Minimum Configuration Required:
- Windows: DirectX 12-capable GPU and a minimum of 10GB of combined RAM

### Model Description

- **Developed by:**  Microsoft
- **Model type:** ONNX
- **Language(s) (NLP):** Python, C, C++
- **License:** MIT
- **Model Description:** This is a conversion of the Phi-3 Vision 128K Instruct model for ONNX Runtime inference.

## Additional Details
- [**Phi-3 Small, Medium, and Vision Blog**](https://aka.ms/phi3_ONNXBuild24)
- [**Phi-3 Model Blog Link**](https://aka.ms/phi3blog-april)
- [**Phi-3 Model Card**]( https://aka.ms/phi3-medium-4k-instruct)
- [**Phi-3 Technical Report**](https://aka.ms/phi3-tech-report)
- [**Phi-3 on Azure AI Studio**](https://aka.ms/phi3-azure-ai)
  
## License

The model is licensed under the [MIT license](https://huggingface.co/microsoft/Phi-3-vision-128k-instruct/resolve/main/LICENSE).

## Trademarks

This project may contain trademarks or logos for projects, products, or services.
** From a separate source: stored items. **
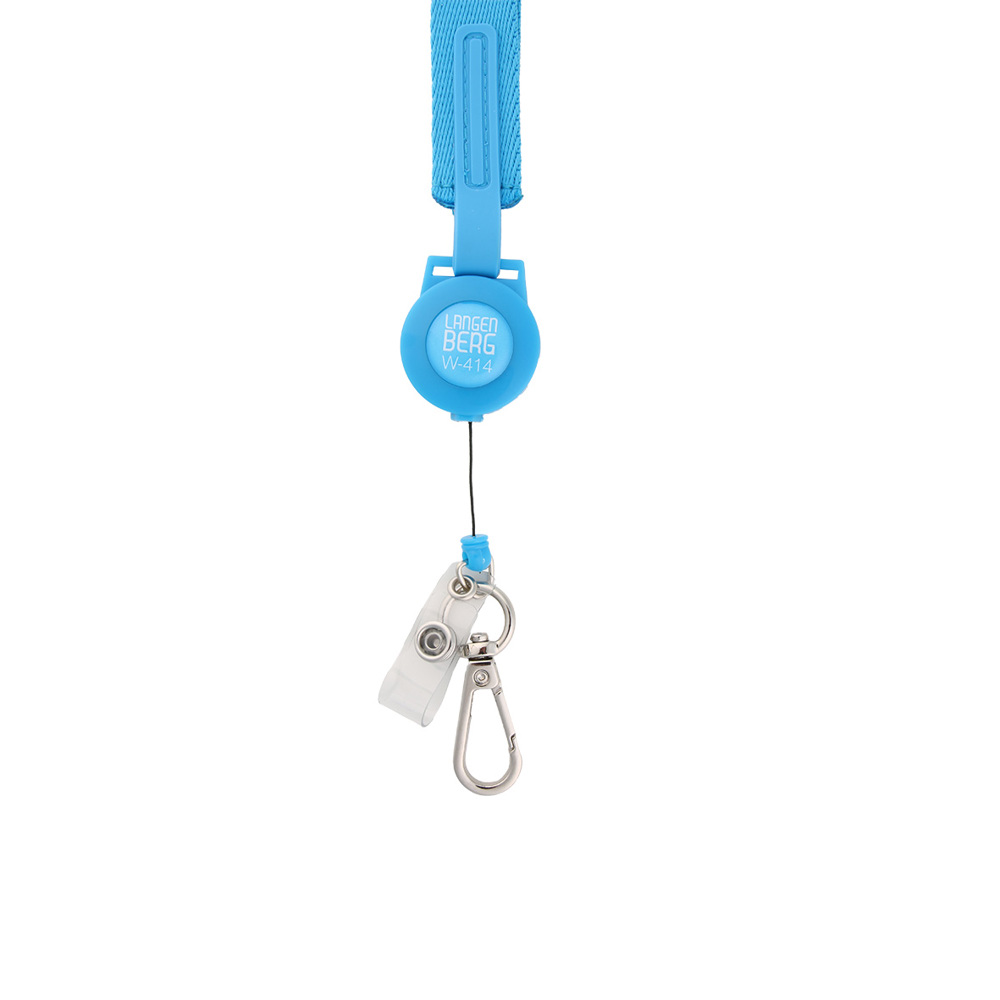 Ausstattung: Karabiner A-218, Ausziehbare (56 cm lang) Ausweishalterung D-303, PVC Schlaufe D-705, Sicherheitsverschluss C-107, Farbe des Bandes ähnlich Pantone möglich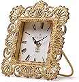 NIKKY HOME Reloj pequeño vintage de mesa, reloj decorativo de estante de escritorio de mesa de estilo francés, funciona con pilas, diseño redondo,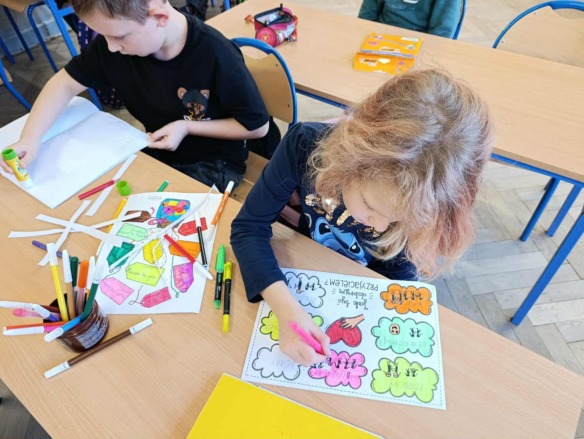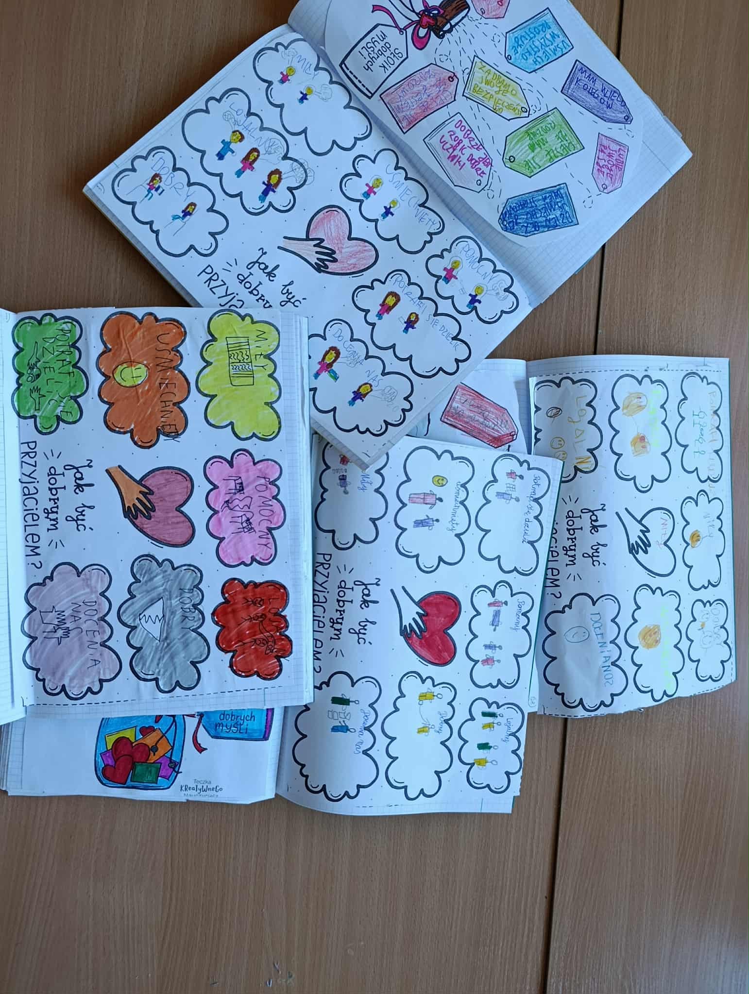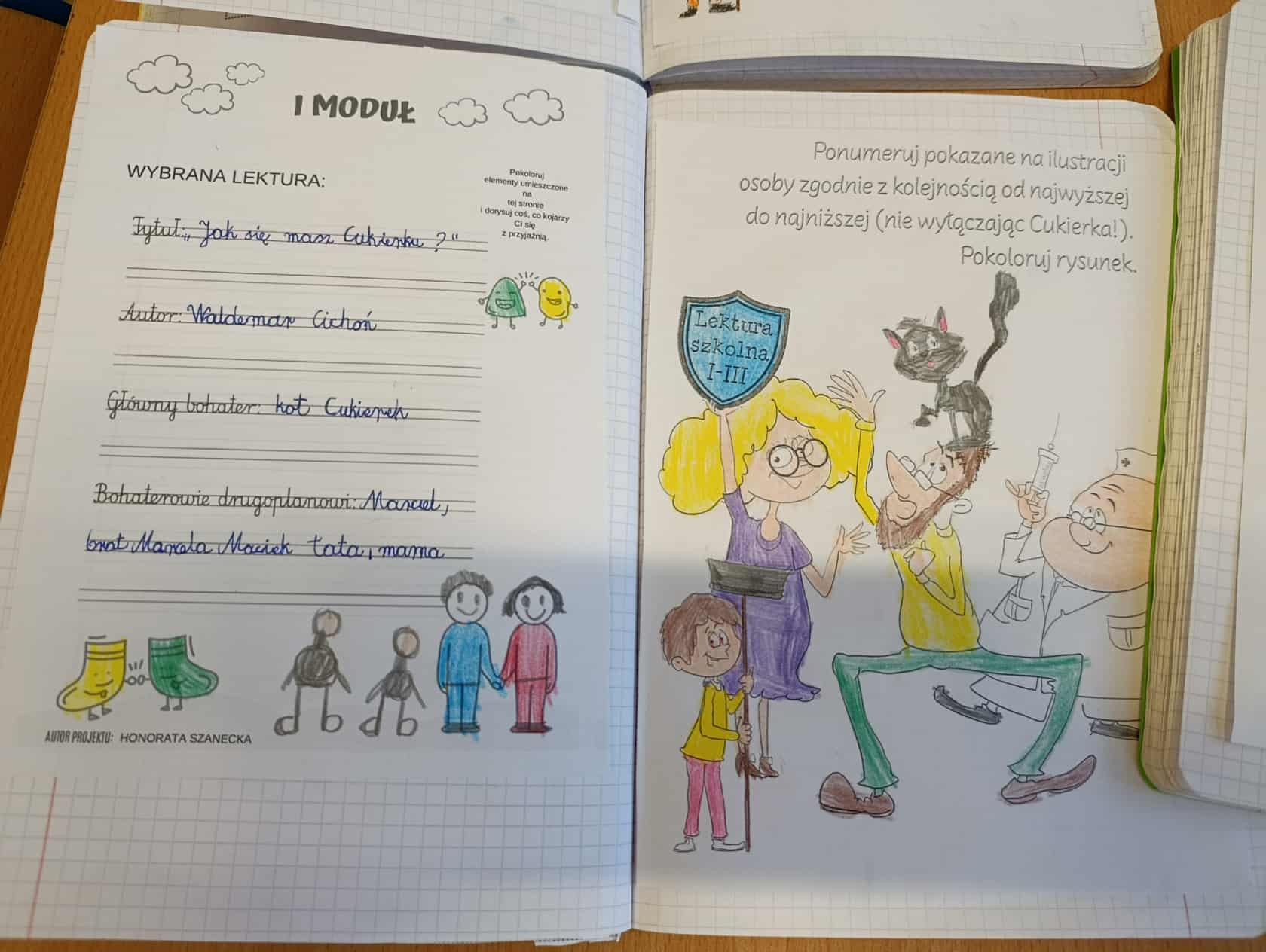 Klasa 2B zakończyła realizację I modułu projektu "Czytam z klasą lekturki spod chmurki" edycja VII "Pod parasolem przyjaźni". Podczas realizacji I modułu "Przyjaciel potrzebny od zaraz" uczniowie czytali w klasie z wychowawcą książkę "Jak się masz Cukierku". Pani bibliotekarka czytała także uczniom skrót pierwszej książki o Cukierku w formie teatrzyku kamishibai. Dzieci wykonały także kocią rodzinkę z modeliny oraz zadania przyjacielskie: słoik dobrych myśli oraz jak być dobrym przyjacielem mapa myśli. Na koniec każdy otrzymał notesik Cukierka na pamiątkę lektury książek o Cukierku, które klasa przeczytała już trzy.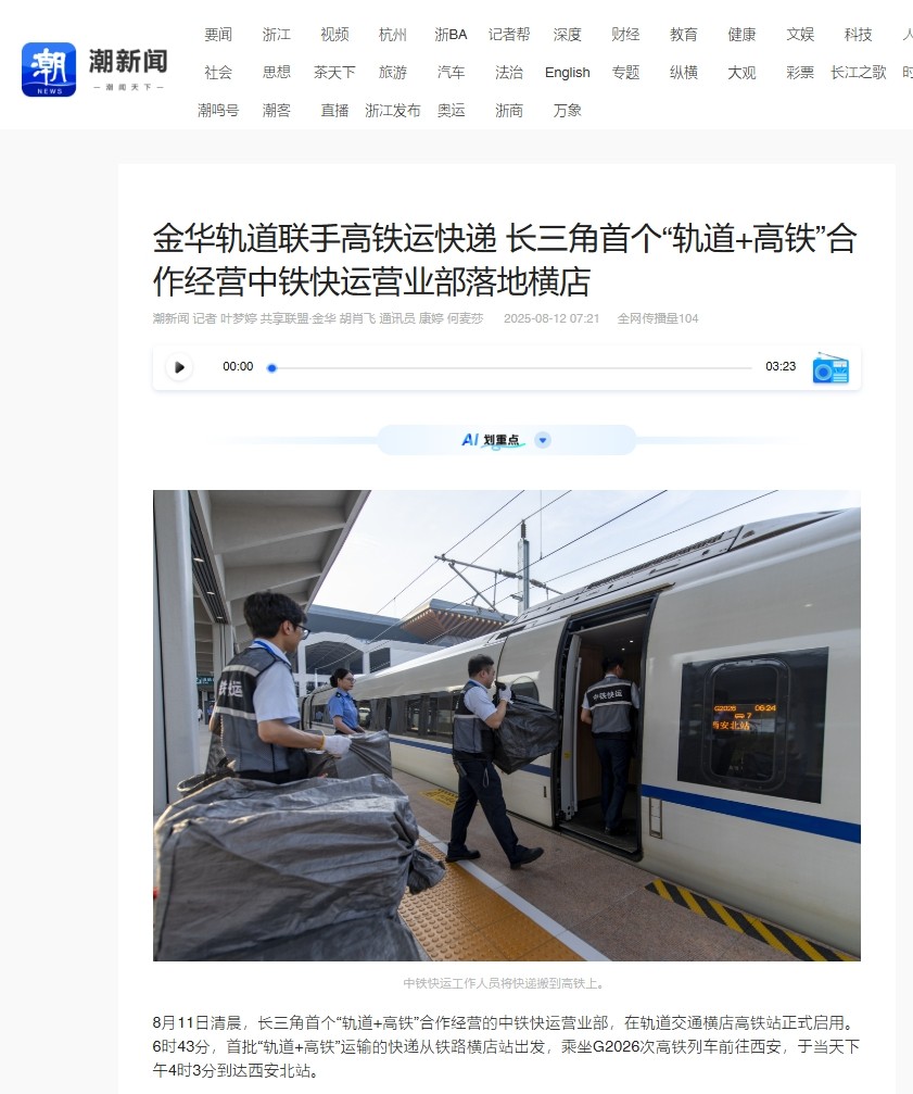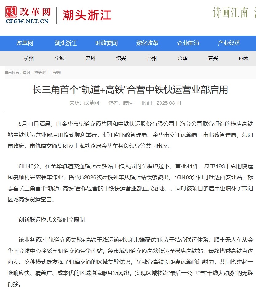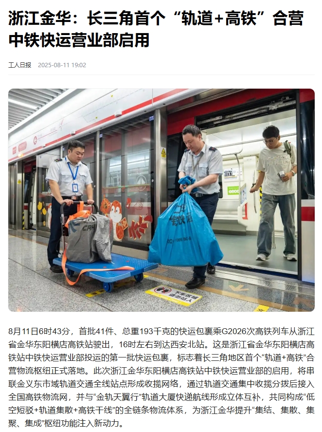 8月11日,長三角首個(gè)“軌道+高鐵”合營中鐵快運(yùn)營業(yè)部啟用。該營業(yè)部將串聯(lián)金義東市域軌道交通全線站點(diǎn)形成收攬網(wǎng)絡(luò),在全線31座車站均可辦理業(yè)務(wù),通過軌道交通集中收攬分撥后接入全國高鐵物流網(wǎng)。

Authorized use of Microsoft trademarks or logos is subject to and must follow [Microsoft’s Trademark & Brand Guidelines](https://www.microsoft.com/en-us/legal/intellectualproperty/trademarks). Use of Microsoft trademarks or logos in modified versions of this project must not cause confusion or imply Microsoft sponsorship. Any use of third-party trademarks or logos are subject to those third-party’s policies.